It would be nice to think we Christians didn't have dark days, that discouragement came only to other people, that we can just go ahead and tough it out, that everyone will understand us and help us get through those dark times. But looking through the Bible at the great saints—at people we applaud as heroes—we find that they also had bouts with depression, despair and anxiety. If we are to experience all the wonderful benefits of being born again, we must learn how to deal with depression.

The classic example of a depressed person in the Bible is the prophet Elijah, the iron man of the Old Testament, and a faithful servant of God. Elijah lived and served during the days of the wicked King Ahab and his sinister queen, Jezebel, who introduced Baal worship into Israel. That right there would be enough to discourage most people.

Elijah was the champion of the status quo; maintaining tradition and customs. Chosen by God to challenge the king and the prophets of Baal and to call the nation back from apostasy. In a contest on Mt. Carmel, he was God's instrument to prove to Israel that Jehovah was the Lord. But after that amazing victory Elijah sank into the depths of despair. He sat down under a juniper tree and asked God to take his life.

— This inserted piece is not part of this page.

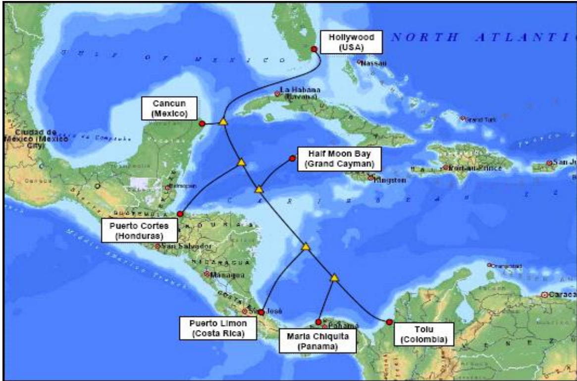
Cuadro N°1 Recorrido Cable Maya-1
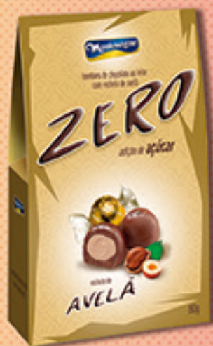
Cód: 2462 Bombom Creme de Avelã Zero Adição de Açúcar 80g

Does that surprise you about a man of God? I hope not. Longfellow said, "Some must lead, and some must follow, but all have feet of clay." We sometimes look upon men like Elijah as super saints. In reality, he was, as the scriptures say, "A man of like passions even as we are." That means he was cut from the same bolt of human cloth as we. He had the same weaknesses, frailties, and emotions as the rest of us. Yes, even Elijah became depressed.

These two experiences, Elijah on Mt. Carmel and Elijah under the juniper tree, are set side by side in the scripture (1 Kings 18-1 Kings 19). In 1 Kings 18, Elijah is at the height of success; in 1 Kings 19 he is in the depths of despair. In 1 Kings 18 he is on the mountain top of victory; in 1 Kings 19 he is in the valley of defeat. In 1 Kings 18 he is elated; in 1 Kings 19 he is deflated. We are all capable of such roller-coaster emotions.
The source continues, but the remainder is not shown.